STUDY MATERIAL Block Start
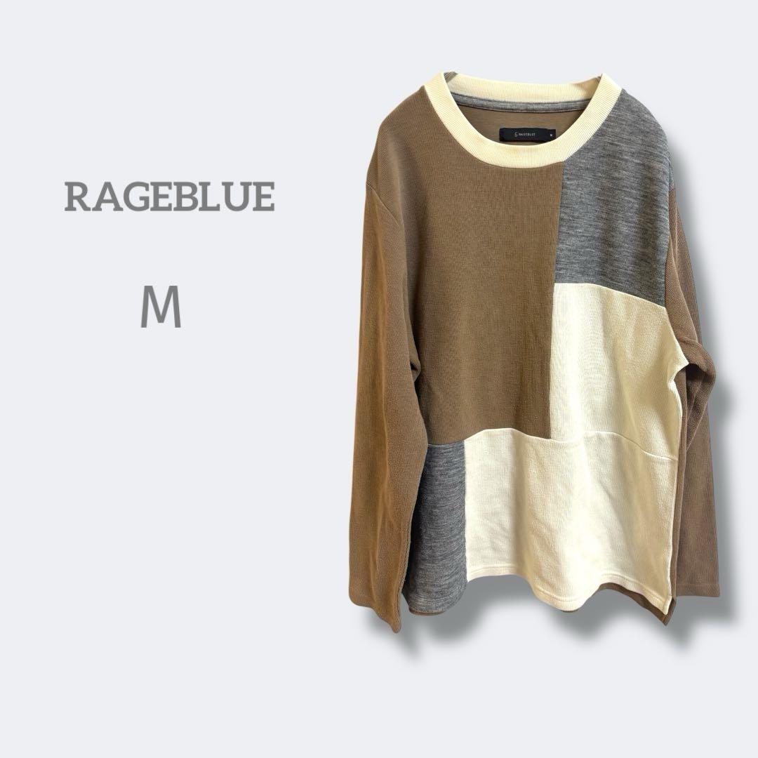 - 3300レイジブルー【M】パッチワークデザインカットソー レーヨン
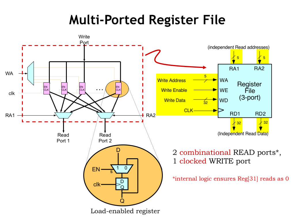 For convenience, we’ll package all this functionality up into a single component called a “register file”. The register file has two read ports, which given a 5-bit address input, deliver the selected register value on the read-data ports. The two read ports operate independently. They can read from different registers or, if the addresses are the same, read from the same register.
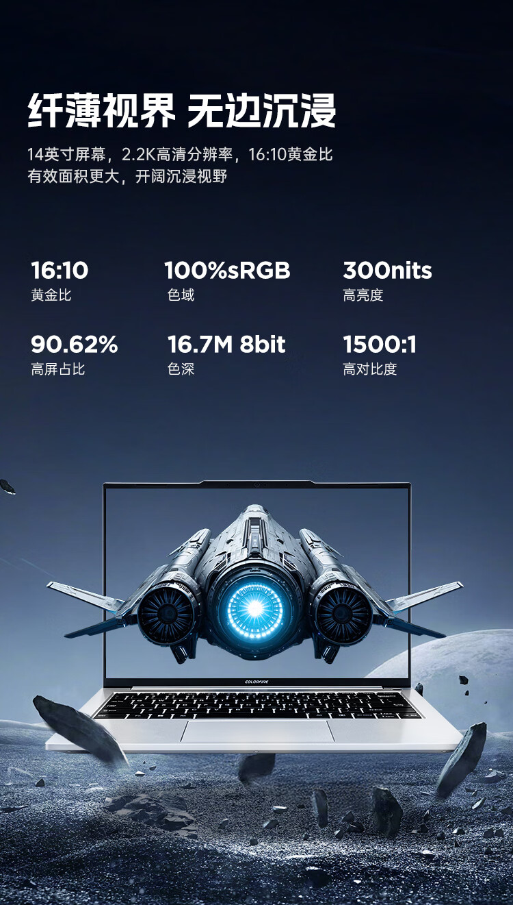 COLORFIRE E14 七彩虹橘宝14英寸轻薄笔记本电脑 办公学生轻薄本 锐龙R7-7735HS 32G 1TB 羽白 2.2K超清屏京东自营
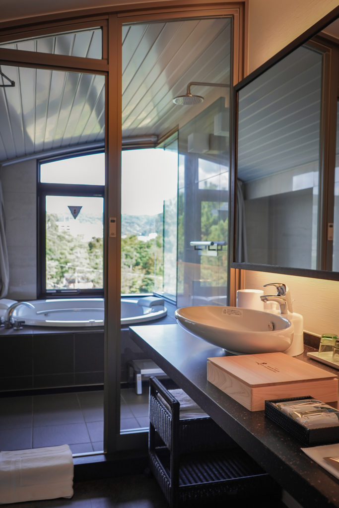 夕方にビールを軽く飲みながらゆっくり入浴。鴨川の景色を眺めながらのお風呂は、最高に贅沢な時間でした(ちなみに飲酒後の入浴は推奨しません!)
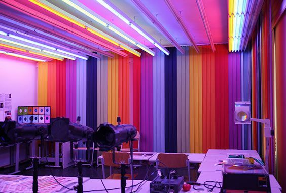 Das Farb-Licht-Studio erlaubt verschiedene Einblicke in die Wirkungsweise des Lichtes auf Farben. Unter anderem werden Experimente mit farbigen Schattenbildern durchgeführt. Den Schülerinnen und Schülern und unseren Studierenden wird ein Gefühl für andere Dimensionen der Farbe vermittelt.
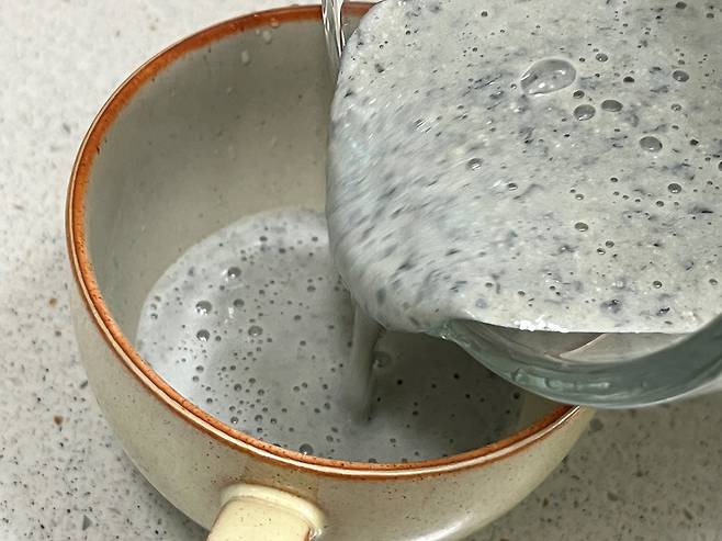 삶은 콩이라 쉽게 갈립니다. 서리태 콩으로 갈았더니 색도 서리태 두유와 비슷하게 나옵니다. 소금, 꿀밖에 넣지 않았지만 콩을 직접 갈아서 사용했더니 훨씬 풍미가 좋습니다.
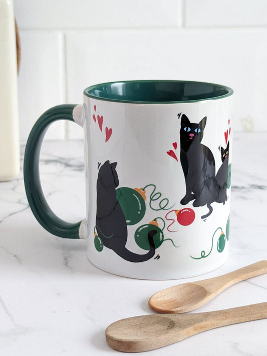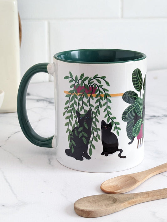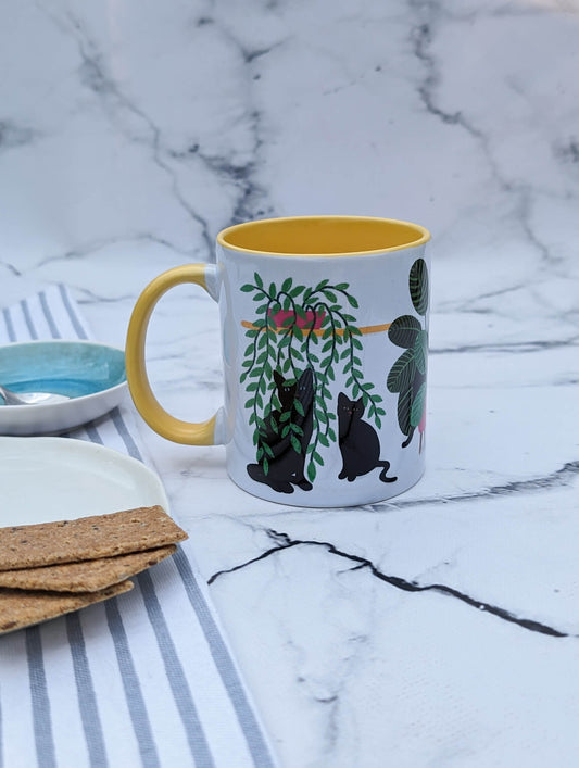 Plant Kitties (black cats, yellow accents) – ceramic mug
STUDY MATERIAL Block End
* **AIM OF THE TASK**: Quote the records above exactly, leaving out any pictures.

* **TASK OUTPUT**:
 - 3300レイジブルー【M】パッチワークデザインカットソー レーヨン
 For convenience, we’ll package all this functionality up into a single component called a “register file”. The register file has two read ports, which given a 5-bit address input, deliver the selected register value on the read-data ports. The two read ports operate independently. They can read from different registers or, if the addresses are the same, read from the same register.
 COLORFIRE E14 七彩虹橘宝14英寸轻薄笔记本电脑 办公学生轻薄本 锐龙R7-7735HS 32G 1TB 羽白 2.2K超清屏京东自营
 夕方にビールを軽く飲みながらゆっくり入浴。鴨川の景色を眺めながらのお風呂は、最高に贅沢な時間でした(ちなみに飲酒後の入浴は推奨しません!)
 Das Farb-Licht-Studio erlaubt verschiedene Einblicke in die Wirkungsweise des Lichtes auf Farben. Unter anderem werden Experimente mit farbigen Schattenbildern durchgeführt. Den Schülerinnen und Schülern und unseren Studierenden wird ein Gefühl für andere Dimensionen der Farbe vermittelt.
 삶은 콩이라 쉽게 갈립니다. 서리태 콩으로 갈았더니 색도 서리태 두유와 비슷하게 나옵니다. 소금, 꿀밖에 넣지 않았지만 콩을 직접 갈아서 사용했더니 훨씬 풍미가 좋습니다.
 Plant Kitties (black cats, yellow accents) – ceramic mug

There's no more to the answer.